[Stored data entries]
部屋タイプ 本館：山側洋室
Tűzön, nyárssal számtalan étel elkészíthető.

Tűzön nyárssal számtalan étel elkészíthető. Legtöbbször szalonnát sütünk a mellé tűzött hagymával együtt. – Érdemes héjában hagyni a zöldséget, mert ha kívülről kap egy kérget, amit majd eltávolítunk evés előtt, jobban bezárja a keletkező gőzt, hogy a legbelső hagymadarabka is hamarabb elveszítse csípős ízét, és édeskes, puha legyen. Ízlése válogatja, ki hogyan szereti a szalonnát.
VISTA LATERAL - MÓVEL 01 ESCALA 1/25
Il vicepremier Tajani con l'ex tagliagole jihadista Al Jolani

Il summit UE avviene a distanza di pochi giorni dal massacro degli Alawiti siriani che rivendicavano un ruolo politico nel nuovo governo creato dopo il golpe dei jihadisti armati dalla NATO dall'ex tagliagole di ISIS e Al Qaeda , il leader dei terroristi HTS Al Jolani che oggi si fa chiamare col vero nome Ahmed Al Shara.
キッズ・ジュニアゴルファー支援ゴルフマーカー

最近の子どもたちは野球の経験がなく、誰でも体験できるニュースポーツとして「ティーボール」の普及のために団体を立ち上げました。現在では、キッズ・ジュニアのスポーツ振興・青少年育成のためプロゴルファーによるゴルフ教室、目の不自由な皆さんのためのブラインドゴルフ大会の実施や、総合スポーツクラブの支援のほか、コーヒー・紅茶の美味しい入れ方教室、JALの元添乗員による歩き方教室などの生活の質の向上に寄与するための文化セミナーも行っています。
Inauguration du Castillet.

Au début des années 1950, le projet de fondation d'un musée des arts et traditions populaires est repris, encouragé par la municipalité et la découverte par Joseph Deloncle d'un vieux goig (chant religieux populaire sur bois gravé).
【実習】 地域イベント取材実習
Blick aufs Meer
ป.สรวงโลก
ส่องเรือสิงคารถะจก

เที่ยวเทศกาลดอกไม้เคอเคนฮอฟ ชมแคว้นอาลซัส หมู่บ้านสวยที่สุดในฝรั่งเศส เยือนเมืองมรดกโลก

■ Activity: An exact reproduction of all the records is required.

■ Answer to the exercise:
部屋タイプ 本館：山側洋室
Tűzön, nyárssal számtalan étel elkészíthető.

Tűzön nyárssal számtalan étel elkészíthető. Legtöbbször szalonnát sütünk a mellé tűzött hagymával együtt. – Érdemes héjában hagyni a zöldséget, mert ha kívülről kap egy kérget, amit majd eltávolítunk evés előtt, jobban bezárja a keletkező gőzt, hogy a legbelső hagymadarabka is hamarabb elveszítse csípős ízét, és édeskes, puha legyen. Ízlése válogatja, ki hogyan szereti a szalonnát.
VISTA LATERAL - MÓVEL 01 ESCALA 1/25
Il vicepremier Tajani con l'ex tagliagole jihadista Al Jolani

Il summit UE avviene a distanza di pochi giorni dal massacro degli Alawiti siriani che rivendicavano un ruolo politico nel nuovo governo creato dopo il golpe dei jihadisti armati dalla NATO dall'ex tagliagole di ISIS e Al Qaeda , il leader dei terroristi HTS Al Jolani che oggi si fa chiamare col vero nome Ahmed Al Shara.
キッズ・ジュニアゴルファー支援ゴルフマーカー

最近の子どもたちは野球の経験がなく、誰でも体験できるニュースポーツとして「ティーボール」の普及のために団体を立ち上げました。現在では、キッズ・ジュニアのスポーツ振興・青少年育成のためプロゴルファーによるゴルフ教室、目の不自由な皆さんのためのブラインドゴルフ大会の実施や、総合スポーツクラブの支援のほか、コーヒー・紅茶の美味しい入れ方教室、JALの元添乗員による歩き方教室などの生活の質の向上に寄与するための文化セミナーも行っています。
Inauguration du Castillet.

Au début des années 1950, le projet de fondation d'un musée des arts et traditions populaires est repris, encouragé par la municipalité et la découverte par Joseph Deloncle d'un vieux goig (chant religieux populaire sur bois gravé).
【実習】 地域イベント取材実習
Blick aufs Meer
ป.สรวงโลก
ส่องเรือสิงคารถะจก

เที่ยวเทศกาลดอกไม้เคอเคนฮอฟ ชมแคว้นอาลซัส หมู่บ้านสวยที่สุดในฝรั่งเศส เยือนเมืองมรดกโลก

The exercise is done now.